Prior to this, OpenAI founder Sam Altman enjoyed widespread goodwill and reputation in Silicon Valley.
Silicon Valley tycoons have never been stingy with their praise for Altman. Peter Thiel, once hailed as the "Godfather of the Mafia" in PayPal (an influential informal organization in the Silicon Valley tech circle), once commented on Altman: "He may not be in the geographical center of Silicon Valley, but he is definitely at the core of the Silicon Valley spirit."
Peter Thiel
Paul Graham, the godfather of Silicon Valley venture capital, also evaluated him: "You could drop him on an island inhabited by cannibals, and five years later, you'd come back to find he'd become the king."

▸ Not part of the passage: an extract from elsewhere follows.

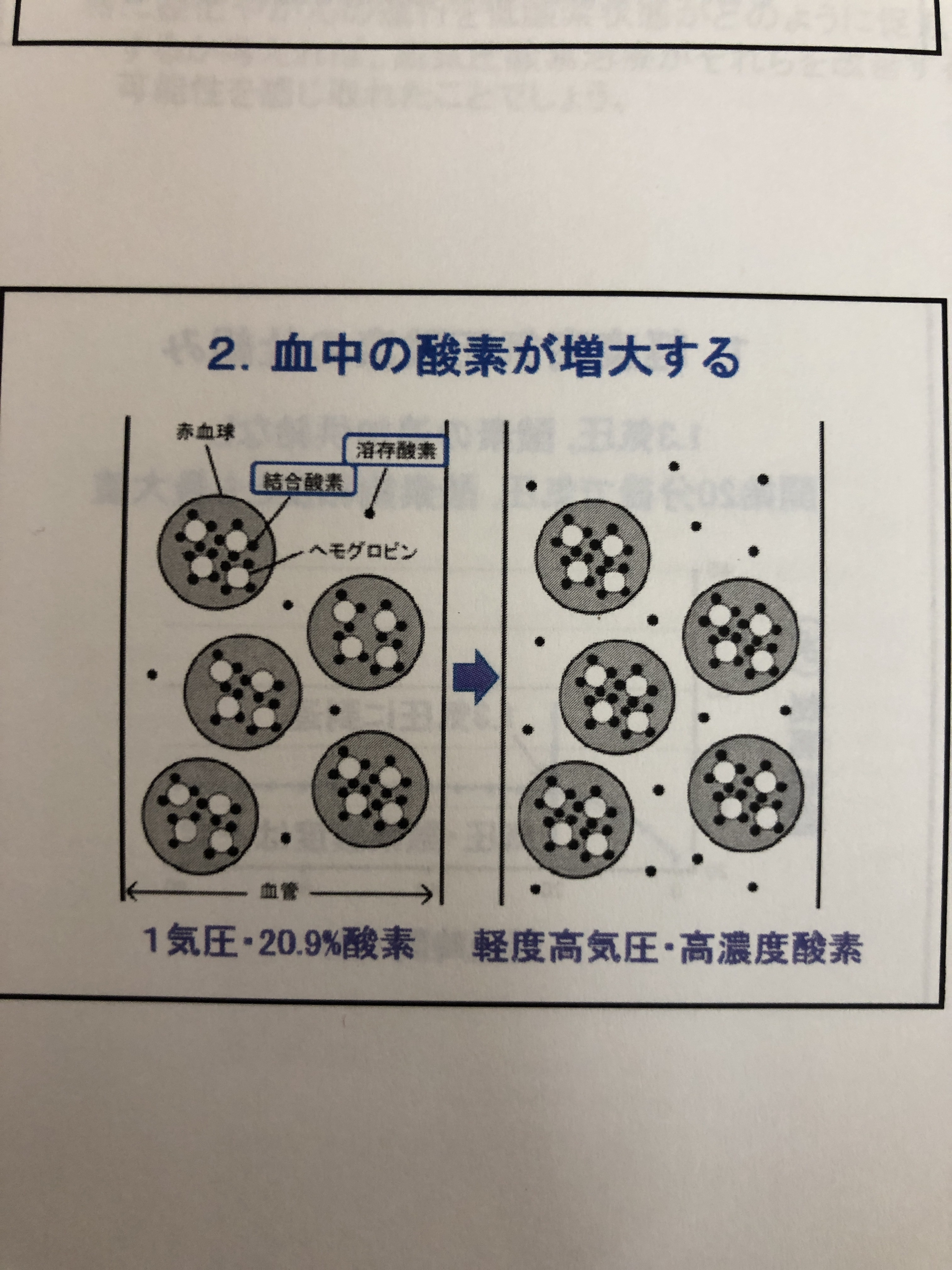 高気圧環境下では、粒子が4つくっつくので、酸素運搬濃度が2%ほど増加します。

So, what explains the stark contrast between Altman's past and present? Is it due to competition, or is this just his true nature?
Silicon Valley Darling: The CEO Who's Best at Chatting
In 1985, a new life arrived in a typical Jewish middle-class family in the Midwest of the United States. In St. Louis, Missouri, real estate agent Jerry Altman and dermatologist Connie Gibstein might not have anticipated that their son Sam Altman would grow up to be a key figure in revolutionizing artificial intelligence.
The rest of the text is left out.